# Implementation of Logistic Regression on AMP-PD 

#### Author: Maria Castanos and William Koehler

In [1]:
import pandas as pd
import numpy as np
from logistic_regression import RazorLogReg
from dimensionality_reduction import SelectFeatures
from sklearn import model_selection
import time

## Import Datasets

In [2]:
path = "/Users/mdmcastanos/Documents/OccamzRazor/plink_files/"
numpy_file = path + "plink_numpy.npy"
tsv_file = path + "latest_labels.tsv"
y = pd.read_csv(tsv_file, sep = '\t')
df = pd.DataFrame(np.load(numpy_file))
df = df.assign(participant_id=y["participant_id"], case_control_other_latest = y['case_control_other_latest'])

### Split data

In [3]:
X = df.drop(columns=['case_control_other_latest'])
y = df['case_control_other_latest']
X_train, X_test, y_train, y_test = model_selection.train_test_split(X, y, test_size=0.3, random_state=42)

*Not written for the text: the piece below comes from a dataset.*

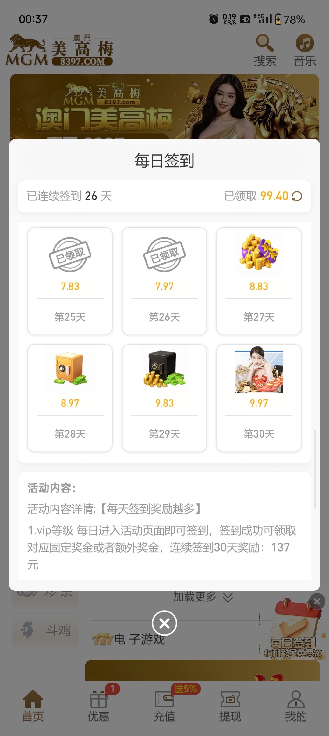 参加了以小博大,没打出来;后面充了几次几百,然后就一直弄这个签到了,这个签到出款了五六次吧,提现是稳的。主页右下角签到入口。每天过了零点就可以签到,刚开始金额是小的,越后面越大,也可以存起来后面打。(中间不要断签就行,不然又要重新开始签到) 我都是打pg出的,麻1有点小水。 有时间的老哥可以留意一下这个。

## Dimensionality Reduction 

Since the dataset has *x* features and *n* rows, dimensionality reduction was performed by choosing the most relevant features according to an [Extra-Trees Classifier](https://scikit-learn.org/stable/modules/generated/sklearn.tree.ExtraTreeClassifier.html). 

In [4]:
selected_features = SelectFeatures()
train_set_reduced = selected_features.get_reduced_dataset(X_train, y_train)

In [5]:
test_set_reduced = selected_features.get_test_set_reduced(X_test, y_test)

## Regularized Multinomial Logistic Regression 

### Training
A regularized multinomial logistic regression is trained to predict three classes (Control, Case, Other). Ridge penalization was used in order to take advantage of the correlation among the columns, to predict with higher accuracy. 

The optimization problem is:
$$\max_{\beta} \left\{ \sum_{i = 1}^{N} \big[y_i(\beta^Tx_i) - \log(1 + \exp(\beta^Tx_i)) \big] - \lambda \sum_{j = 1}^p \beta_j^2 \right\}$$
### Hyperparameter Optimization
Hyperparameter $\lambda$ in the optimization problem above, is optimized by implementing [randomized search cross validation](https://scikit-learn.org/stable/modules/generated/sklearn.model_selection.RandomizedSearchCV.html). 

In [7]:
classifier = RazorLogReg(train_set_reduced, test_set_reduced)
logistic_regression = classifier.get_logistic_regression()



In [None]:
logistic_regression.best

## Train Baseline Models

To compare the performance of the logistic regression against baseline models, both a random and a majority-class classifers were trained. 
To evaluate the performance of the logistic regression, both a random and a majority-class classifers were implemented as baseline models to compare against. 

In [8]:
random_classifier = classifier.get_random_classifier()
majority_class_classifier = classifier.get_majority_class_classifier()

## Results

In [9]:
performance_table = classifier.get_performance_table(logistic_regression, 
                                                     random_classifier, 
                                                     majority_class_classifier)
performance_table = pd.DataFrame(performance_table)
performance_table.round(3)

  _warn_prf(average, modifier, msg_start, len(result))


Unnamed: 0,Logistic Regression,Random Classifier,Majority Class Classifier
Accuracy,0.675,0.337,0.585
Precision,0.617,0.465,0.342
Recall,0.675,0.337,0.585
F1 Score,0.643,0.376,0.432


## Next Steps

- Explore methods to perform dimensionality reduction. 
- Literature review on different ways of training on Patient Data.